On Sep 5, we issued an updated research report on Deere & CompanyDE .
The agricultural equipment maker is poised to benefit from increased global demand for food, shelter and infrastructure as well as an improvement in political conditions in Brazil. However, unfavorable foreign currency movements, a weak agricultural sector and sluggish economic growth remain headwinds for the company.
For fiscal 2016, Deere anticipates net income to be about $1.35 billion, up from the prior estimate of $1.2−$1.3 billion. The company remains optimistic about the long term, based on steady investments in new products and geographies. Further, favorable trends derived from a growing, more affluent and increasing population and rising living standards will provide ample opportunity for growth.

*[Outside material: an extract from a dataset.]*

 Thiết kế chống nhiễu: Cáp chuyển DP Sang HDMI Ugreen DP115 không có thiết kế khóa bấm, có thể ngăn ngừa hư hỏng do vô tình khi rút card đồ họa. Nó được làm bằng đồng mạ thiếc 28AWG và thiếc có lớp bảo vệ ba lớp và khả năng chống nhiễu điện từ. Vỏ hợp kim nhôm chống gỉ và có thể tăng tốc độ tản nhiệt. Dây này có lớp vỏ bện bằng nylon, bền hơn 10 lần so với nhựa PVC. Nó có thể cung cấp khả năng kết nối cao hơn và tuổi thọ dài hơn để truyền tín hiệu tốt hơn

Notably, Brazil announced an increase in rates for government-sponsored finance programs. This means that rates per Moderfrota will rise from 7.5% to 8.5% for small and mid-sized farmers, and from 9% to 10.5% for large farmers. While the rates are being hiked, they remain below the level of inflation in Brazil. This announcement is a positive indicator. It removes an element of uncertainty for farmers, and conveys confidence that the government will continue to support agriculture in spite of the economic and political challenges in the region.

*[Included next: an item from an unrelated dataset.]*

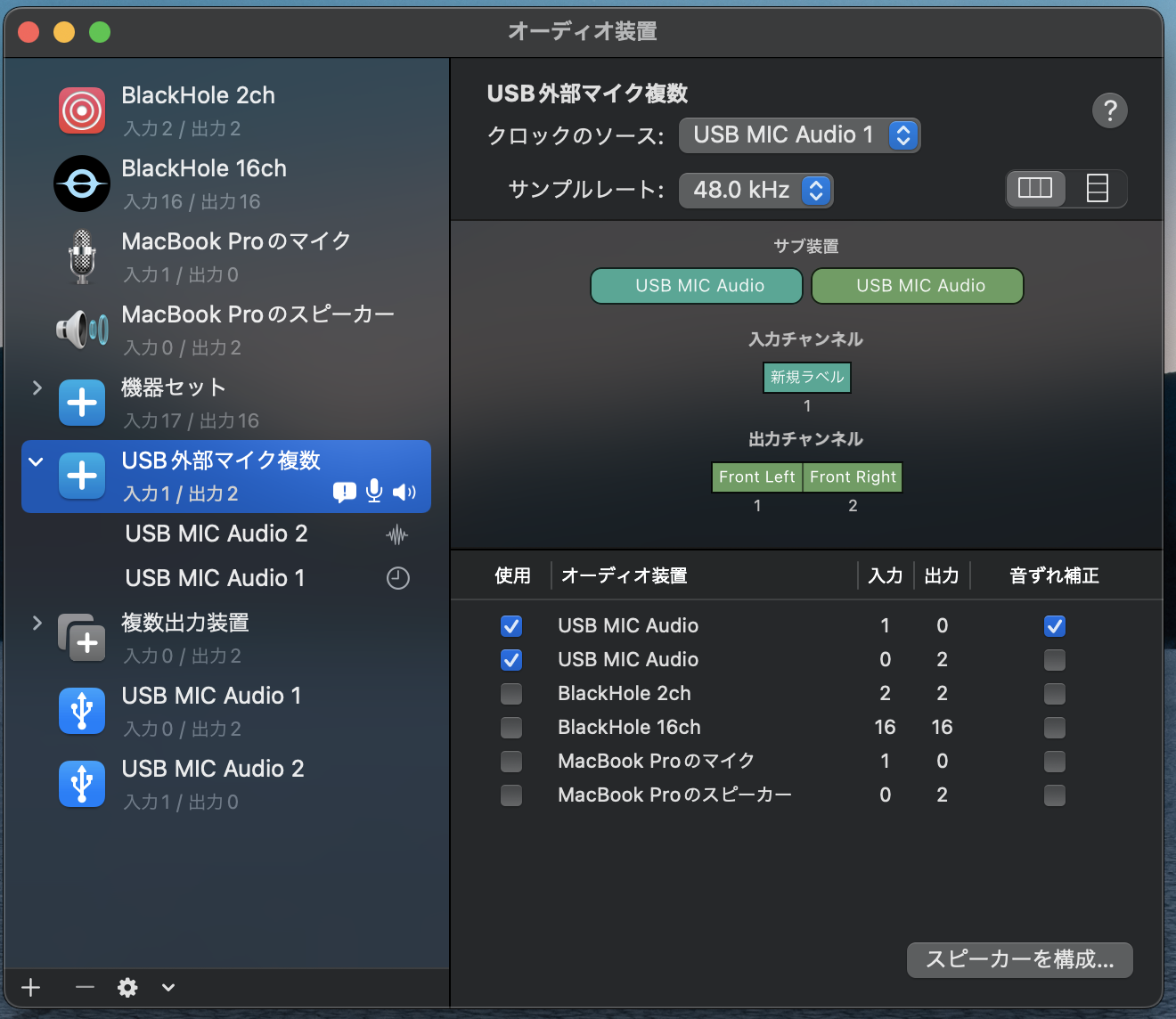 2つつなげた状態でAudioMIDI設定を見てみると、

Further, the U.S. Architecture Billings Index (ABI), an economic indicator that provides an approximate 9-to-12-month glimpse into the future of non-residential construction spending activity, has remained above 50 in recent months, signaling robust conditions ahead for the industry. This bodes well for Deere too.
However, Deere projects total equipment sales to decline 10% year over year in fiscal 2016. For the fourth quarter of fiscal 2016, sales are likely to deteriorate about 8% from the year-ago quarter.

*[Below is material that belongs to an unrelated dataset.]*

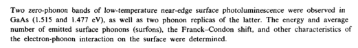 Two zero-phonon bands of low-temperature near-edge surface photoluminescence were observed in GaAs (1.515 and 1.477 eV), as well as two phonon replicas of the latter. The energy and average number of emitted surface phonons (surfons), the Franck-Condon shift, and other characteristics of the electron-phonon interaction on the surface were determined.
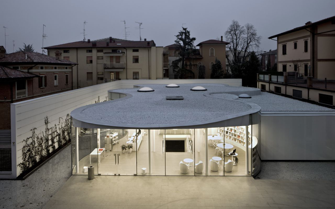 Alla Galleria del Vento di Renzo Piano, alla Cittadella Ferrari di Massimiliano Fuksas e al fabbricato per l’assemblaggio dei motori di Jean Nouvel, che contribuiscono a rendere il comune di Maranello una sorta di area expo di architettura contemporanea, si è aggiunta nel 2011 la Biblioteca progettata dallo studio Arata Isozaki e da Andrea Maffei; una struttura che si sviluppa all’interno del tessuto residenziale con linee sinuose, curvilinee, tracciate da ampie vetrate che segnano il perimetro dell’edificio e che simulano la fluidità dello specchio d’acqua che le circonda. Caratteristiche principali sono l’atmosfera essenziale, la luminosità e la trasparenza dei materiali, l’armonia tra le componenti architettoniche e la vitalità del paesaggio naturale circostante (le facciate est, nord e sud sono interamente ricoperte di edera); tutti elementi che danno vita a uno spazio leggero, dinamico, aperto verso il contesto urbano e il visitatore.

The company expects Agriculture and Turf equipment sales to decline 8% in fiscal 2016. Low commodity prices, low farm incomes and elevated used equipment levels in the U.S. and Canada continue to strain demand for farm equipment, especially high-horse power models. Industry sales for agricultural equipment in the U.S. and Canada are expected to be down 15%−20% in fiscal 2016. In the EU28, sales are projected to be flat to down 5% due to low commodity prices and farm income, including potential pressure on the dairy sector.
Deere foresees global sales for Construction & Forestry equipment to be down about 18% in fiscal 2016. Rental utilization rates continue to decline, leading to a reduction in fleet sizes and higher levels of used equipment. Also, housing starts in the U.S. for single-family homes, which require more earth-moving equipment, remain well below the long-term average.
Moreover, a weak oil and gas sector, with the impact most pronounced in the energy-producing regions of the U.S. and Canada will impact Deere's results.
Deere currently carries a Zacks Rank #3 (Hold).
Stocks to Consider
Some better-ranked stocks in the same sector are Berry Plastics Group, Inc. BERY , Columbus McKinnon Corporation CMCO and DXP Enterprises, Inc. DXPE . All these stocks sport a Zacks Rank #1 (Strong Buy).